-- What the task asks --
In the records below, repeat word for word only the lines starting at the one that contains "Shashwat Kelzarkar -8S" and ending at the one that contains "54 th Avenue Side Path", pictures excluded.

-- Data provided --
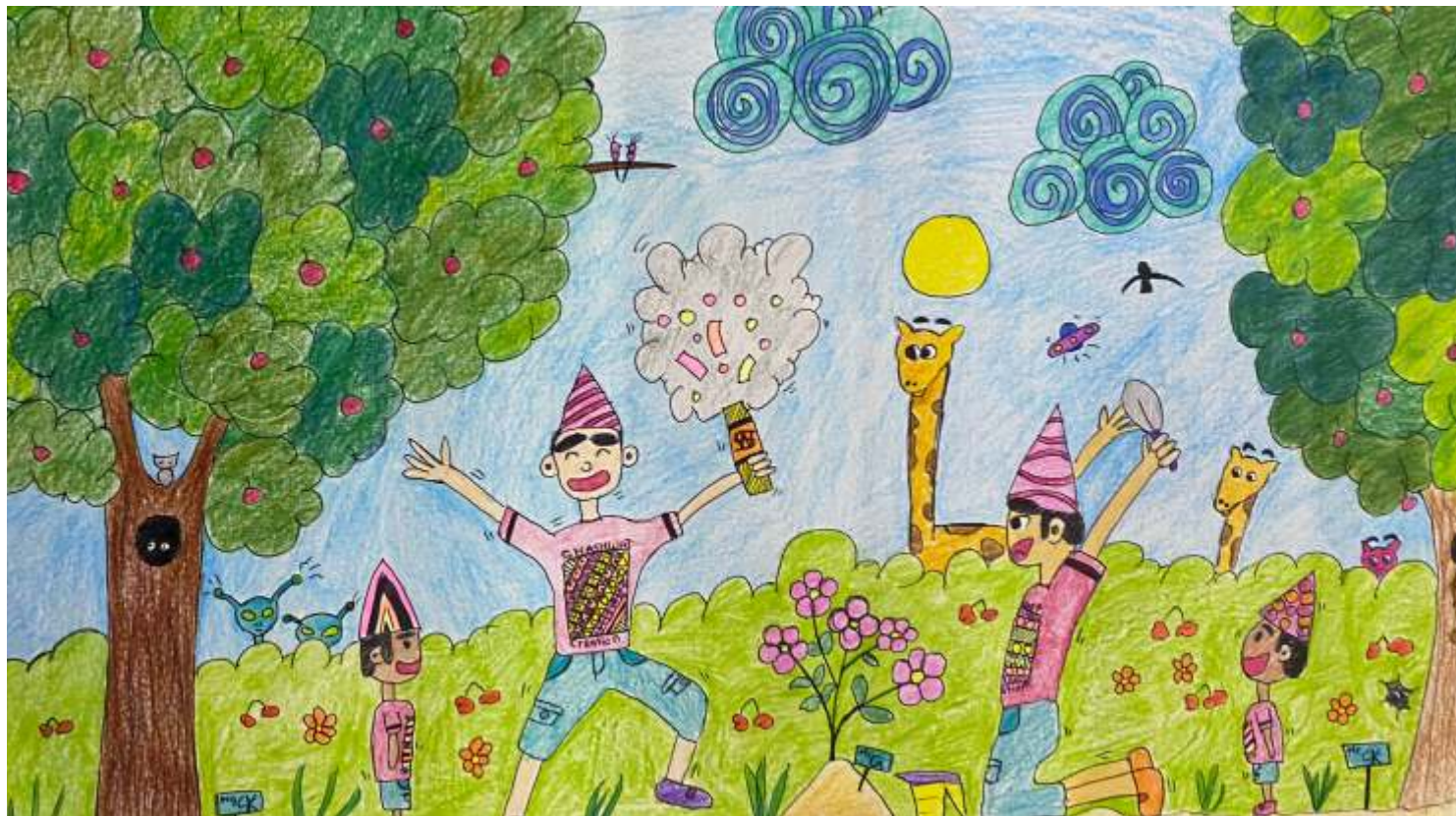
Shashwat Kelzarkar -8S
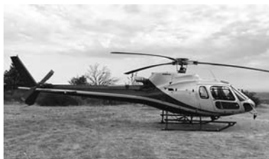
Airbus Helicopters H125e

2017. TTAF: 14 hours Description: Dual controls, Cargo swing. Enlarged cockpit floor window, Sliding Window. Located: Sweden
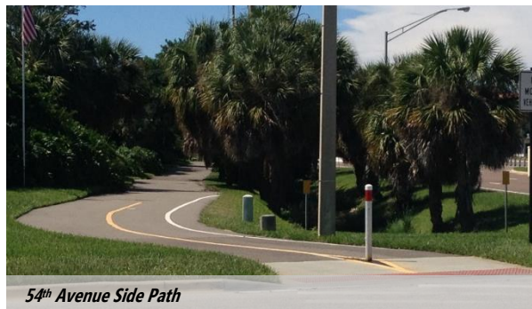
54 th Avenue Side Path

* * *

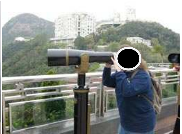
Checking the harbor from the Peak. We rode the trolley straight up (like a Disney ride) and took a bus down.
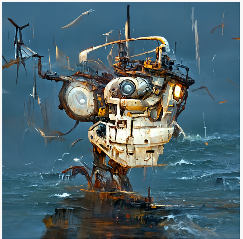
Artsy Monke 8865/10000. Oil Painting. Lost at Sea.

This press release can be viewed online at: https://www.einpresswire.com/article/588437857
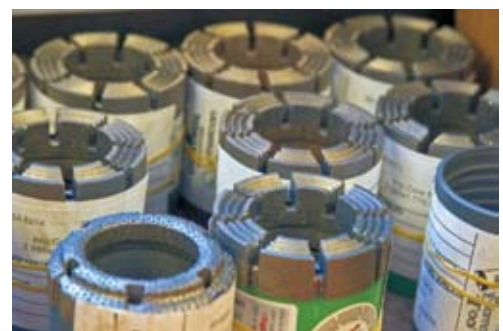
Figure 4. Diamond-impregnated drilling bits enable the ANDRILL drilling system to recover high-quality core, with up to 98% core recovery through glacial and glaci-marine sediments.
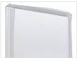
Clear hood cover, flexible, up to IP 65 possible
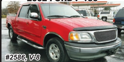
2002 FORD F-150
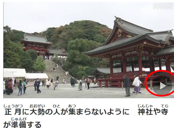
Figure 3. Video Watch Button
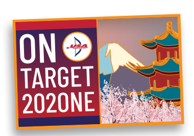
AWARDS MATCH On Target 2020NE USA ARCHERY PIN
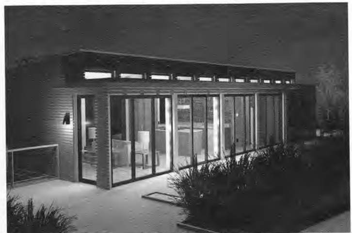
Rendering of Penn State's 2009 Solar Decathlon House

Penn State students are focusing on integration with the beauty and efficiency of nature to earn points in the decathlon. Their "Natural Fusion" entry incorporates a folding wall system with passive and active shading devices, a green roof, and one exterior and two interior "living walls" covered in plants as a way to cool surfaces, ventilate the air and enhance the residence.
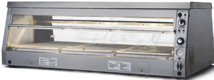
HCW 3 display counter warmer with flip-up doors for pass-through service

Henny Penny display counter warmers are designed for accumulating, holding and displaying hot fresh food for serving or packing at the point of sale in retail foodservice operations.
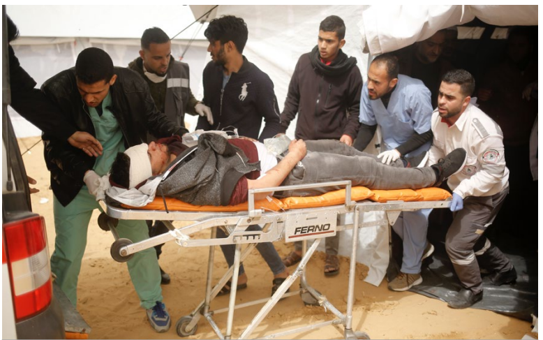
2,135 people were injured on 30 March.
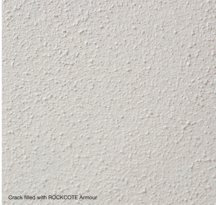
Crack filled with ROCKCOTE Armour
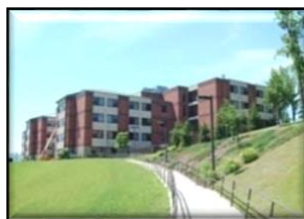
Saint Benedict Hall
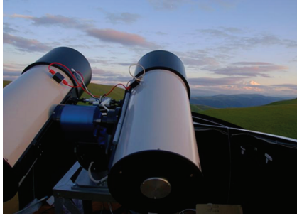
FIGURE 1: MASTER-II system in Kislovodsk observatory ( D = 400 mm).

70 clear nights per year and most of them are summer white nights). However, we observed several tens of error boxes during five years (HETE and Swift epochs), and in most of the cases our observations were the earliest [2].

...

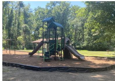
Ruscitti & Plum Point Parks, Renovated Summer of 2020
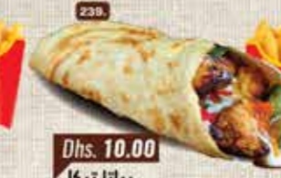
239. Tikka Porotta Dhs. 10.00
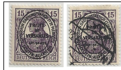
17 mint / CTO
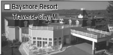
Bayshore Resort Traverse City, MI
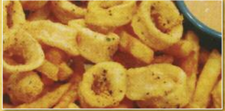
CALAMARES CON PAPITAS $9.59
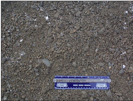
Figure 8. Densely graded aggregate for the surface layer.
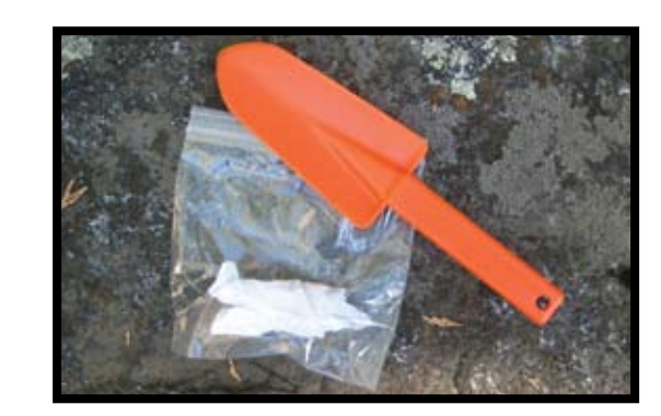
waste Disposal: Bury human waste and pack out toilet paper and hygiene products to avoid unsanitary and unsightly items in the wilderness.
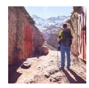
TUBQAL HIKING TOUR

-- Reply --
Shashwat Kelzarkar -8S
Airbus Helicopters H125e

2017. TTAF: 14 hours Description: Dual controls, Cargo swing. Enlarged cockpit floor window, Sliding Window. Located: Sweden
54 th Avenue Side Path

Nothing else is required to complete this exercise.